Hehe, my self-proclaimed-straight sister has the world's biggest crush on Hayley Williams; she's on her (from Friends) list of people she'd sleep with while in a relationship X3
She _does_ have gorgeous hair~

I blame excessive amounts of 30 Rock, but I have the most ridiculously massive crush on Tina Fey at the moment <3 (reasons 1, 2, 3, 5 and 12 why glasses are hot)

Uh, off the top of my head, I also adore beyond all rationality: Kristin Chenoweth (Olive from Pushing Daisies, Galinda in Wicked), Mary Lynn Rajskub (Chloe from 24), Idina Menzel (Maureen in Rent), Olivia Wilde (Thirteen in House), Stephanie March and Mariska Hargitay (Alex and Olivia in Law and Order: SVU) and, uh, Rachel Maddow from her political show. Le sigh.

And probably more I'm forgetting.


----------



## Vladimir Putin's LJ (Jan 29, 2009)

In no particular order: Hugh Laurie, Stephen Fry, Robert S. Leonard, Vladimir Putin, Bill Clinton Joe Biden, Rahm Emanuel, Barack Obama, Stephen Colbert, Jon Stewart, Jude Law, George Clooney, Hugh Grant, Serge Gainsbourg, David Cameron

Well this is more of a 'who i'd fuck' list but w/ever peace out


----------



## #1 bro (Jan 29, 2009)

M.I.A.


----------



## pcbby (Jan 29, 2009)

Eva Mendes.

Because. _She's gorgeous._ 

George Clooney.

Because he's George Clooney.


----------



## Vladimir Putin's LJ (Jan 29, 2009)

pcbby said:


> George Clooney.


hump hump


----------



## Flazeah (Jan 29, 2009)

Lena Headey and Piper Perabo are very cute, but they're not really crushes by my definition. x3 I don't crush on famous people, really. I pretty much have to know someone to actually crush on them.

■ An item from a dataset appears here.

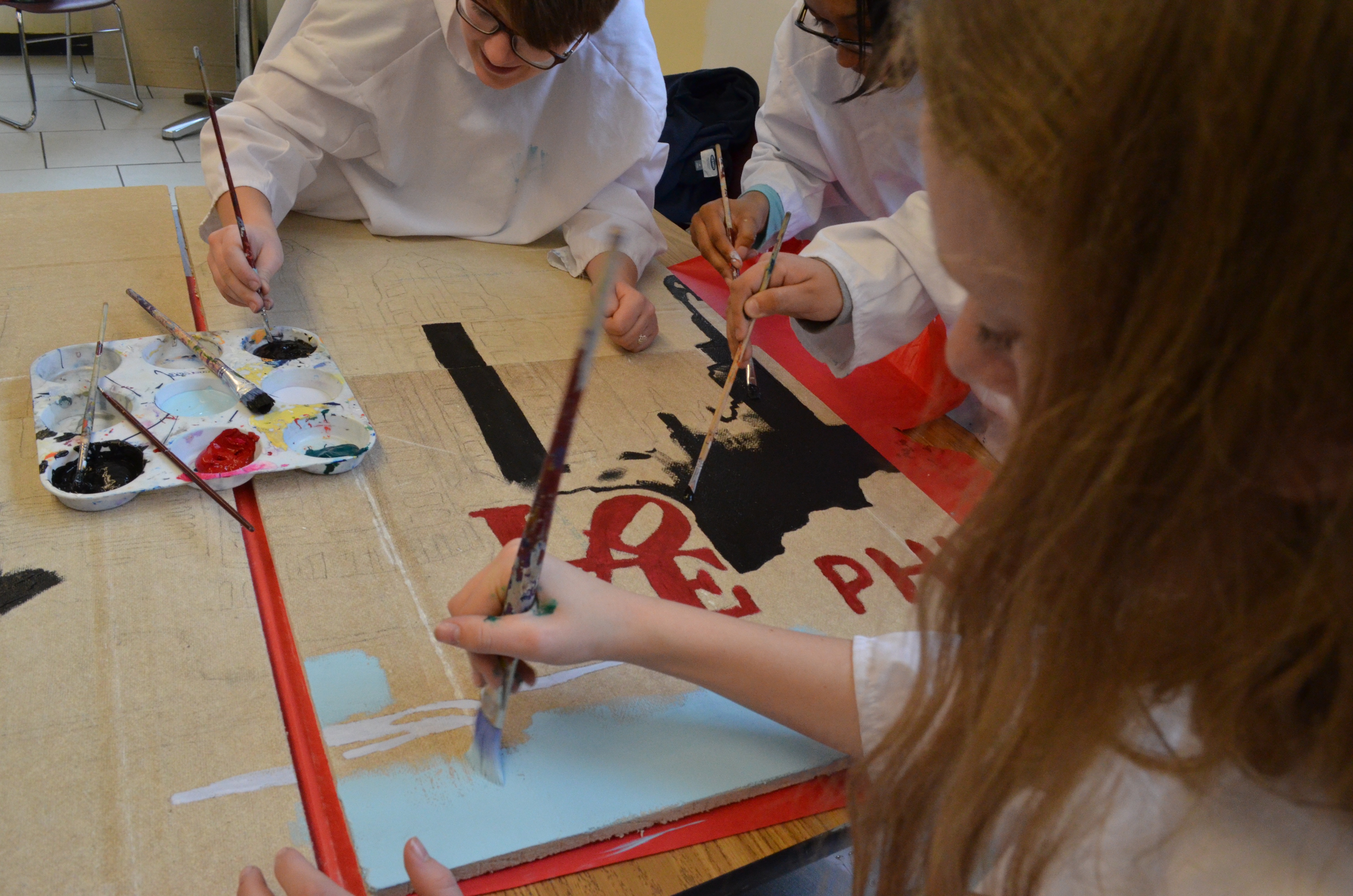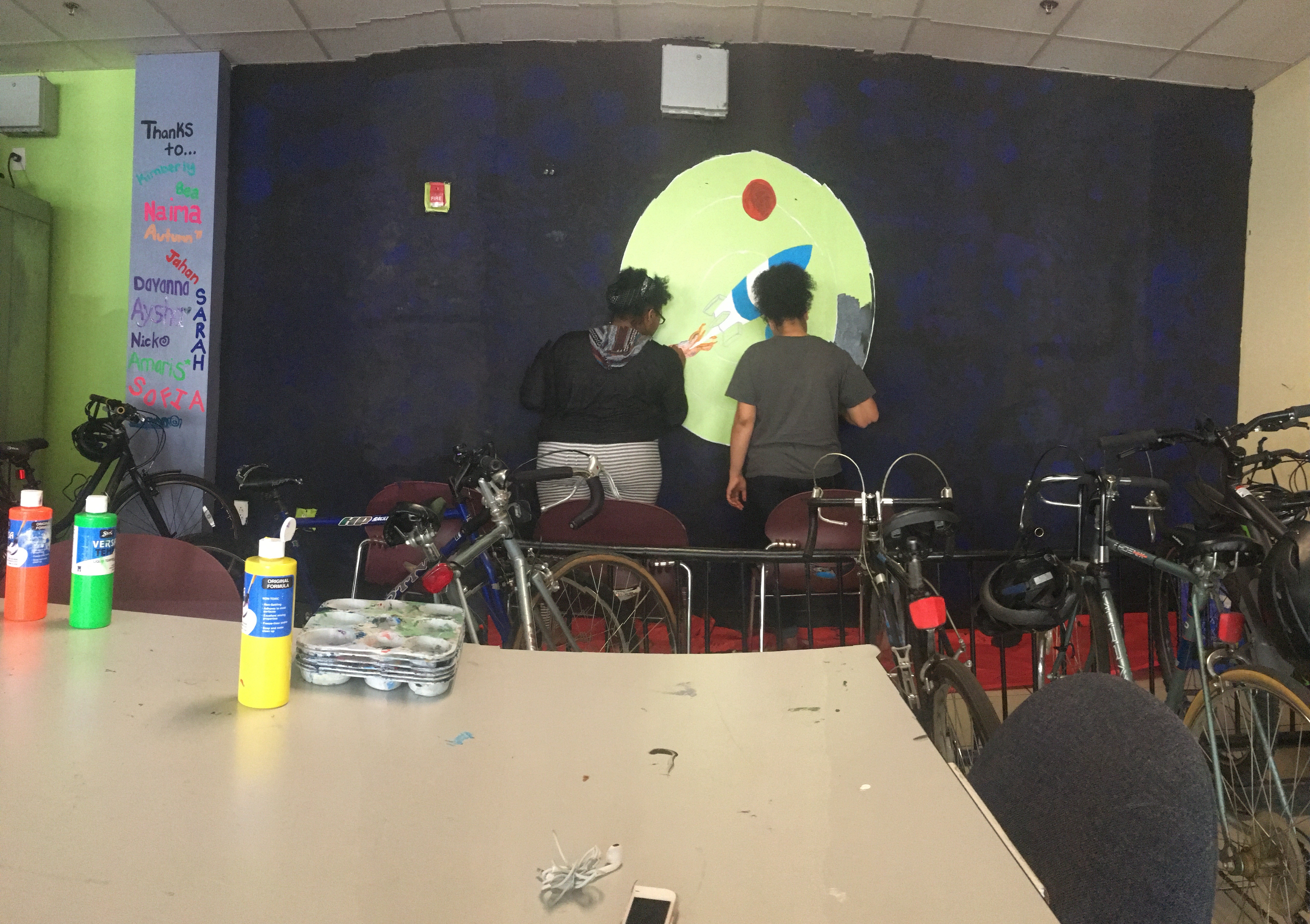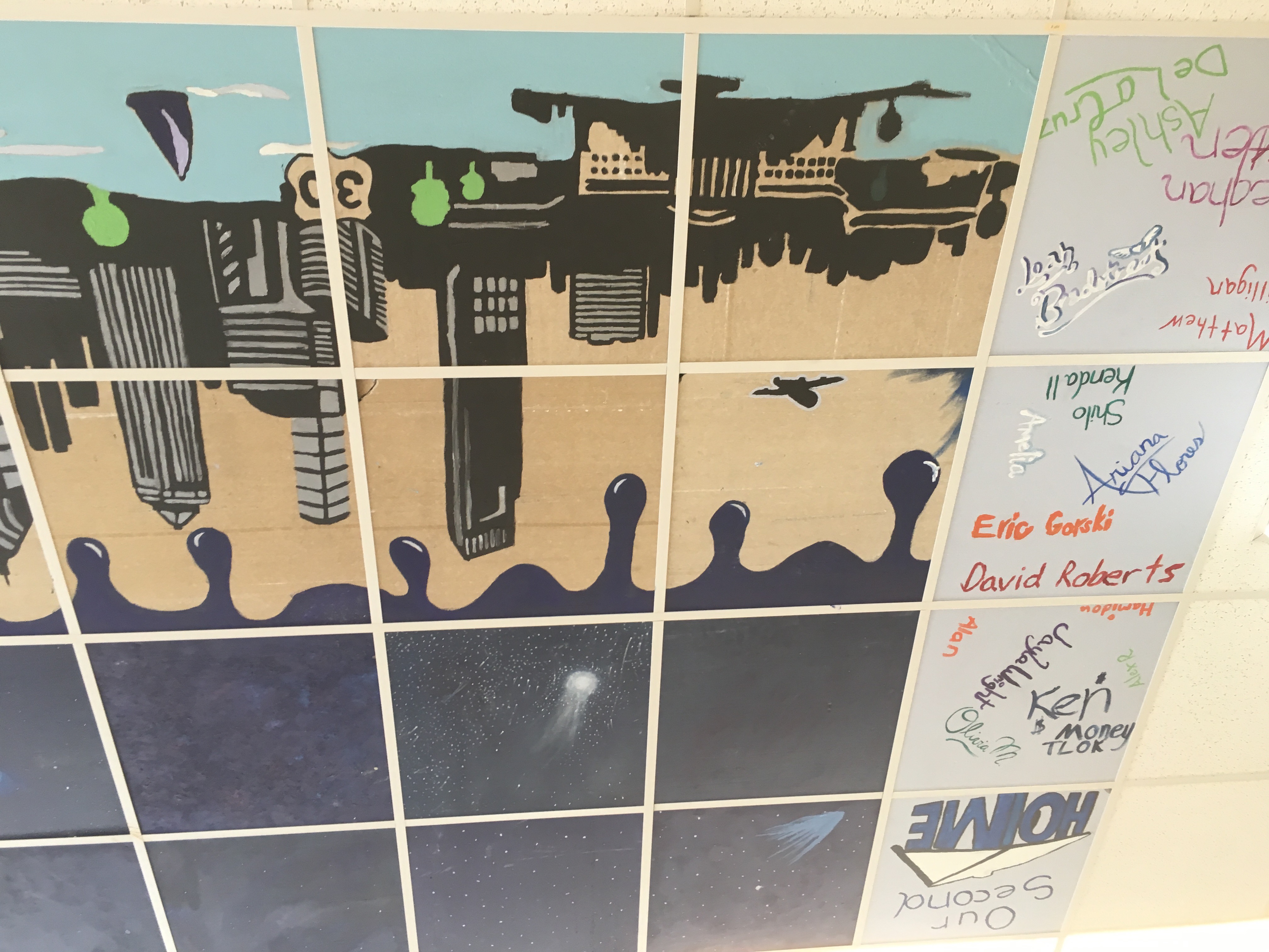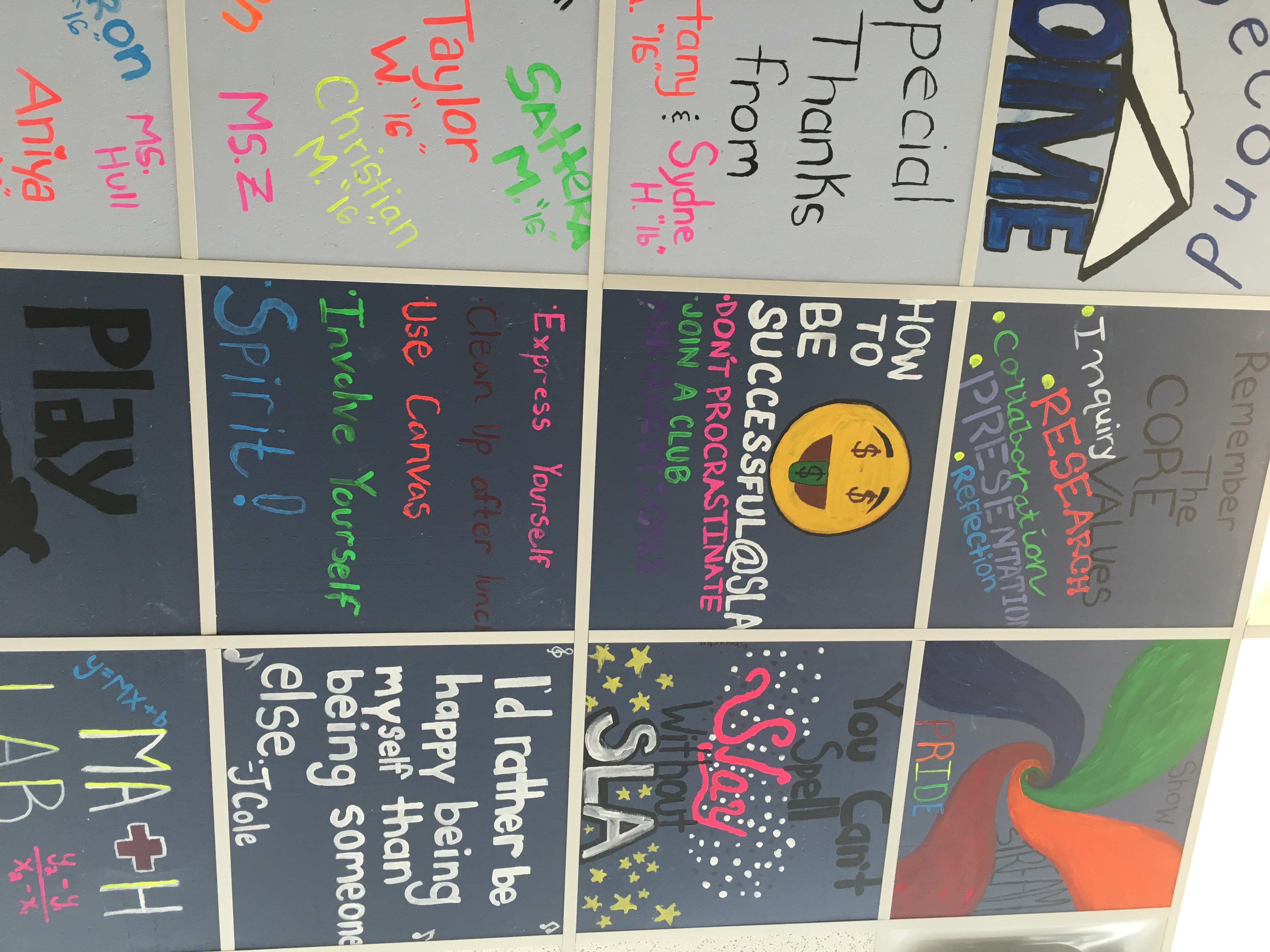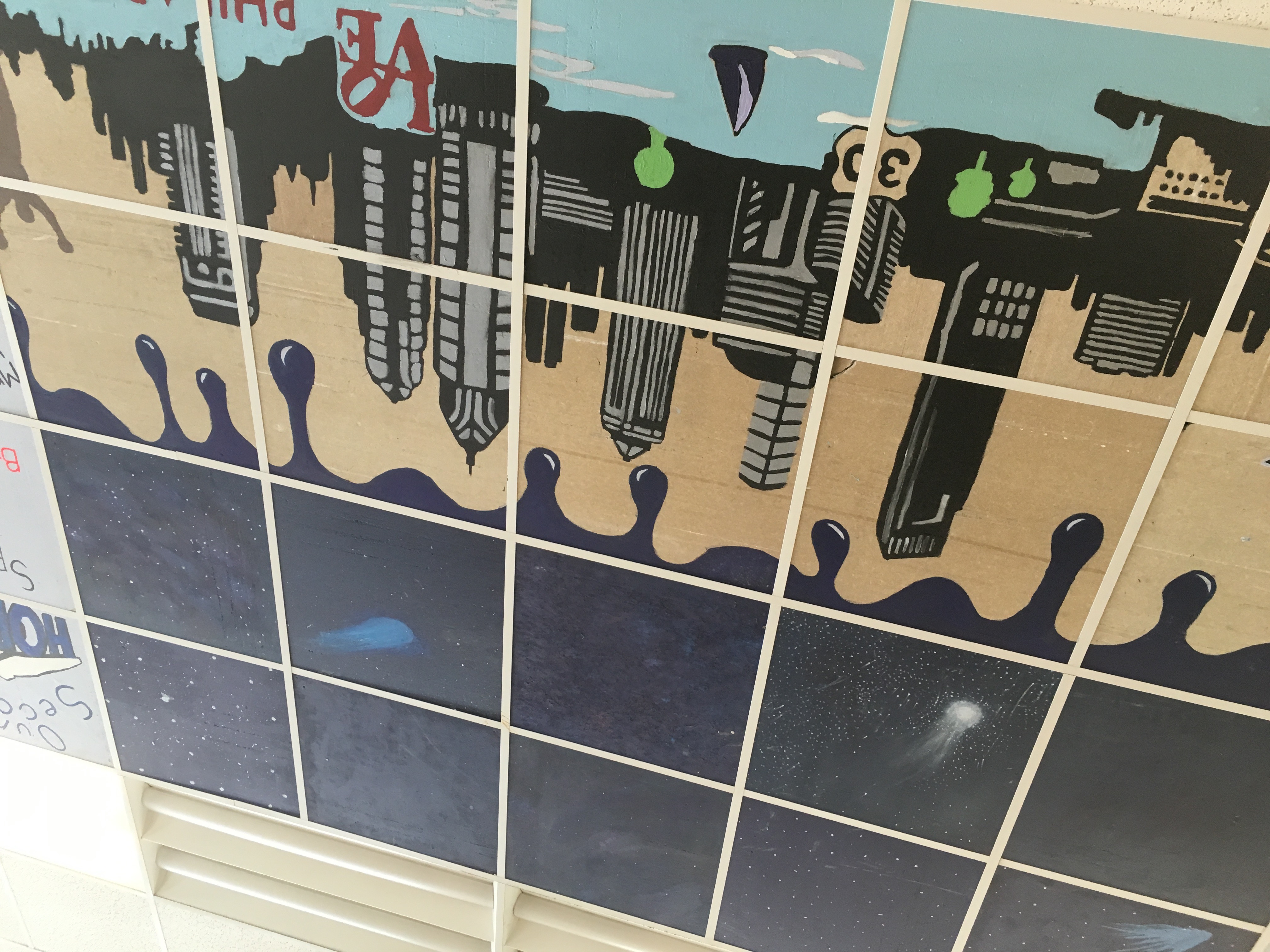 For my capstone, I wanted to add to the SLA art community but I didn't want to be the only one to put my name on a wall or ceiling for that matter. I thought it would be a great idea to properly welcome our freshman in a way that will make them feel like they are finally accepted, so my partner, Sydne Hopkins-Baker, and I started a two semester mini course with The Franklin Institute. During this mini course, students were able to express their ideas of what they want to see in our school based on all of the art work they have seen so far. After 1-2 weeks of collaboration and brainstorming, we started the art piece of their choosing and learned new techniques that dealt with texture, shadowing, and just creating something large with 14 other people. The product of the first course was a beautiful ceiling tile mural of Philadelphia's skyline in space. It showed that the people in our class really enjoyed being in SLA and even named the piece, "Our Second Home." During the second class, the students were more interested in doing a wall art piece, which expresses how far SLA students can go in and out of this world and showing that to every visitor that comes in our school. Photos can be seen below.

 Oh and fricking hell, Rebecca Romero. :3 If you count her as a celebrity. A while ago it was pretty nearly a crush, I thought I'd probably crush on her if I knew her or something, but uh. Yeah. :D


----------



## opaltiger (Jan 29, 2009)

> Lena Headey and Piper Perabo are very cute


I'm... not sure I'd describe Lena Headey as "cute".

eta: while I am here, Summer Glau is beautiful and Amanda Palmer is one of the most amazing people in the world


----------



## Tarvos (Jan 29, 2009)

don't have any celebrity crushes

but damn I would do Katy Perry if the opportunity presented itself


----------



## Thanks for All the Fish (Jan 29, 2009)

I wouldn't call them crushes, per se. I serioulsly have to _know_ someone to feel any sort of crush-love.
However, I find Robert Sean Leonard and Zach Braff hot.
Not a crush, just...hot.


----------



## Flazeah (Jan 29, 2009)

opaltiger said:


> I'm... not sure I'd describe Lena Headey as "cute".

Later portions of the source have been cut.